Timberland – defined as forestland that is capable of growing at least 20 cubic feet a year of industrial wood, and is not withdrawn from timber production – makes up 85% of the state's forestland. Timberland was formerly called "commercial forest land."

According to William Rivers, DEM Forester, the size of trees in Massachusetts continues to increase. Saw timber stands now cover 66% of timberland, up from 44% in 1985. Critically important seeding and sapling stands continue to decline, from 6% of timberland in 1985 to just 5% in 1998.

The inventory revealed a 19% increase in the volume of growing stock trees compared to their 1985 volume. However, Rivers termed it "disheartening" that some species are being removed faster than they are being regrown.

What?  Another HINT at the existence of high-grading in Massachusetts?  Oh, and what a shame, how "disheartening"--as if the policies of the DEM had nothing to do with all this (unmentionable) high-grading. 

Particularly significant is the "negative growth" of highly prized Northern Red Oak, one of our most valuable species. Its growth deficit is .8 to 1.

Red Maple, a lesser-prized wood, is growing three times faster than it is being utilized; Hemlock is growing twelve times as fast as it is being used.

Wow!  Another HINT that we may have a high-grading problem in Massachusetts.  What does that make so far?  A grand total of three?

"It doesn't take a genius to predict what the forest of the future will be like if our current methods of exploiting the forest continue," Rivers observes. Not only does Red Oak have great commercial value, but its value to wildlife is extraordinary." Noting that one Red Oak, American Chestnut and American Beech were producing great quantities of mast timbers a century ago, Rivers notes that Red Oak today is "the last of the significant mass producers in the Massachusetts forest that is not beset by disease, and it is declining in numbers. We should be gravely concerned about this" (Rivers' data from Testimony May 21, 1999 to Commission).

Thanks for that testimony, Bill.  We should all be "gravely concerned," but we shouldn't do a thing about it, right?  Especially if this means questioning any of the policies or practices of the DEM, whose "service foresters" sign off on every (unmentionable) high-grading job.

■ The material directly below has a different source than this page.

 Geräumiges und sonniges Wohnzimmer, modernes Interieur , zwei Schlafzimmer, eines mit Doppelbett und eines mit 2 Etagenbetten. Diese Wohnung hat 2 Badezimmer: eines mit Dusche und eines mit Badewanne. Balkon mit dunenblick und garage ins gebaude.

"Mast" refers to nuts, seeds and fruits of woody plants that provide food for wildlife. This food is critical to certain birds and mammals to carry them through the winter. Hard mast (from American beech, hickory and red, white and black oak) are important dietary components for white-tailed deer, black bear, wild turkey, ruffled grouse, wood duck and various other mammals and birds. Soft mast (from Black Cherry, pin and choke cherries, wild apples, mountain ash and such) is important to bears, small mammals and 28 bird species. (Good Forestry in the Granite State P.55 (c) 1997.)

According to preliminary work on the CFI, and by the completed work of the DEM-USDA Inventory, it would appear that Massachusetts woodland – public and private – may be suffering from a decline of valuable species and a proliferation of less-valuable species.

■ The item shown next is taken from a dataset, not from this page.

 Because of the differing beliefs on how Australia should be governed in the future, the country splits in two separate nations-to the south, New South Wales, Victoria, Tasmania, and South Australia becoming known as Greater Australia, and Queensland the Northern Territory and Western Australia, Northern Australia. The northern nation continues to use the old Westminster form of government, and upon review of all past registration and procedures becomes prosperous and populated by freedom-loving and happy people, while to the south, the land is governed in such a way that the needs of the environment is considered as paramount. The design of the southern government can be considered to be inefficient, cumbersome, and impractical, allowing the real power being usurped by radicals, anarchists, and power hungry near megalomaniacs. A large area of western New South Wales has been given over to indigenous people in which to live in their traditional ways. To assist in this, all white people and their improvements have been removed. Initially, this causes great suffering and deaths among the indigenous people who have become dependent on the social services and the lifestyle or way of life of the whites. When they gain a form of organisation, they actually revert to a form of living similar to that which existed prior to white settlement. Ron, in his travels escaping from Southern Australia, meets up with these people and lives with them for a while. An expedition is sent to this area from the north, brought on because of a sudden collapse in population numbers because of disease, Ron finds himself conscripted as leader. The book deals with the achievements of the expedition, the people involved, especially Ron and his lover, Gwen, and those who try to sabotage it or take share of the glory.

Yikes!  That makes four HINTS at the fact, the reality of (unmentionable) high-grading, all without saying the word itself.  Why is this?  Why is this so-called commission so afraid to write the word?  And why are they so afraid to write the "S" word too?  And why is there no mention of consulting foresters, the only people who actually PRACTICE silviculture on private land?  Is the notion of silviculture so revolutionary in the context of FOREST MANAGEMENT PRACTICES?  Or was this report really written by a forestry student who either skipped or flunked all his/her classes? this really a purely political document designed to obfuscate the issues, protect the perpetrators of the destruction of our forests, reinforce and expand the roles of state forestry bureaucrats, garner more money for certain non-profit orgs, garner grant money for certain forest researchers, and generally further entrench all the forces of the corrupt STATUS QUO?  Is this really just a paid political announcement on behalf of these interests?